Folktales, Legends, and Stories


Wilkes University course on The History of Wyoming Valley


The Slovak Heritage Society is one of the organizations that has partnered with Wilkes University to produce a course on local history.  Project History: Northeastern Pennsylvania is a three-credit, interactive graduate Education course designed for teachers who like to integrate local history into their curriculum. Through authentic experiences, teachers will learn about regional heritage and culture. The goals of the Project are: to promote the study of local history in the area's school districts; to instruct teachers in grades three through twelve to integrate local history topics into lesson plans across the curriculum; and to encourage a creative approach to the study of local history, culture, and immigration and to attract student  and community interest. The 2010-2011 fall/spring semester is the first time for this class; it was attended by 12 educators from various local schools.

Our involvement began last fall when Michael Stretanski was asked to join a group of teachers headed by Dr. Diane Polachek of Wilkes University to assemble the Project. The course would meet once a month as a whole with much of the course work done online. The course began with a dinner meeting in September at Wilkes with an overview and calendar for the year. In October, we met at Wyoming Seminary with Mr. Clark Switzer. We toured the battle sites of Wyoming, and had a colonial supper at the Dennison House in Forty Fort. November was devoted to immigration and ethnicity.  Mr. John Dziak 's presented information on the reasons why so many of our ancestors came to Northeastern Pennsylvania.

During the November class, Mary Jean Tarrentini, a member of the Slovak Heritage Society of NEPA, gave an enthusiastic presentation on Father Murgaš and how his many talents and accomplishments lend themselves so well to the teaching of local history. Passionately, she encouraged the educators to persuade their students to learn about their individual family history and the history of this valley.

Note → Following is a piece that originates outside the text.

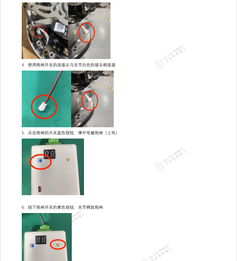 - 伺服关节损坏报警异常后无法通过以上松开抱闸方法操作,需手动松开,具体参考CS服务手册操作指南
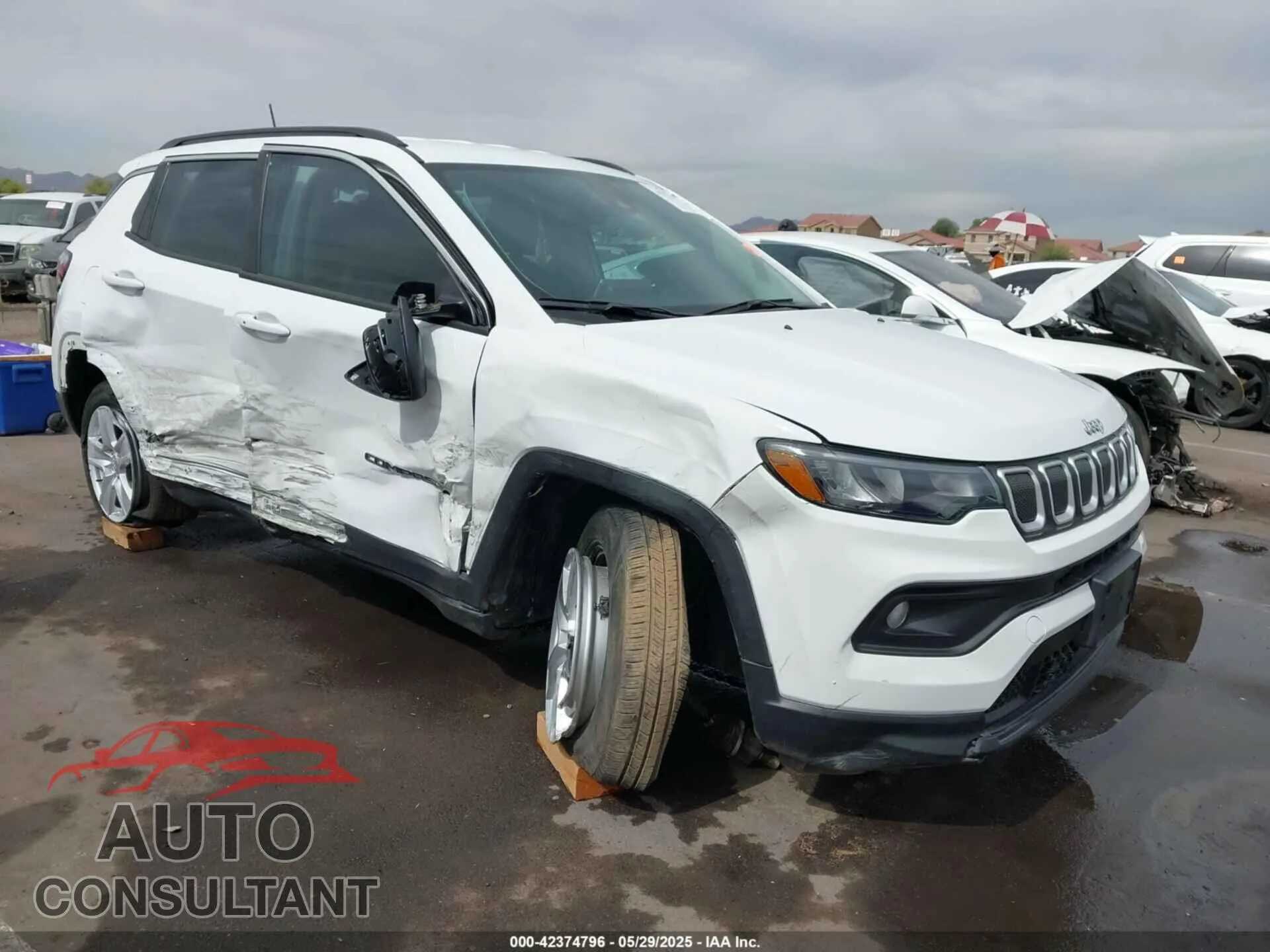 VIN 3C4NJDBB6NT115950 belongs to a 2022 JEEP COMPASS. The exterior is finished in White. It is equipped with a Gasoline engine and a AUTOMATIC transmission. This listing shows the vehicle in damaged condition with an odometer reading of 58,993 km.

The SHS provided their Father Murgaš Traveling Exhibit, a supper of Slovak dishes, and presented this class with the Murgaš Educational Concept DVD. This DVD includes reading lessons, quiz material, and essential questions. The educators can use this DVD in their classrooms. The lessons are based on the Father's key interests including science, art, history, nature, and religion.

At the beginning of the Nov. class, Christmas mushroom soup (made by Michael Stretanski), goulash (made by Anna Hendershot), and Bryndza cheese and crackers were served. Dishes served after class were; two kinds of holubky, one with rice and one with barley; two kinds of halusky (made with grated potatoes), one with cabbage and one with cheese; four kinds of pirohy - potatoes, cabbage, prune, apricot; two kinds of klobasky, smoked and fresh; creamed cucumbers; and fresh horseradish with red beets. Dessert included rozky with nut and poppyseed (made by Bernadette Yencha) and nut and poppyseed rolls. Michael Stretanski explained all of the foods. One of the educators made a syrec, which is the egg dish blessed in the Easter basket. Peter Kmec, a young Slovak student attending Holy Redeemer High School in Wilkes-Barre, helped make the pirohy using his grandmother's recipe, he rolled out the dough and filled them. SHS board members helped with set-up, serving, and clean-up. See photos below.

Following the Holiday break, in February, Mary Ann Storz had the students present a number of famous and influential personalities from our area and concluded the class with a tour of the Stegmaier Mansion. It is well worth a visit. Dr. Robert Wolensky gave a presentation on mining and the anthracite industry in March. The Visual and Performing Arts were presented in April by Dr. Robert Gardner.

This was a pilot program and will be offered again next year. Everyone is looking forward to our involvement, particularly our hospitality.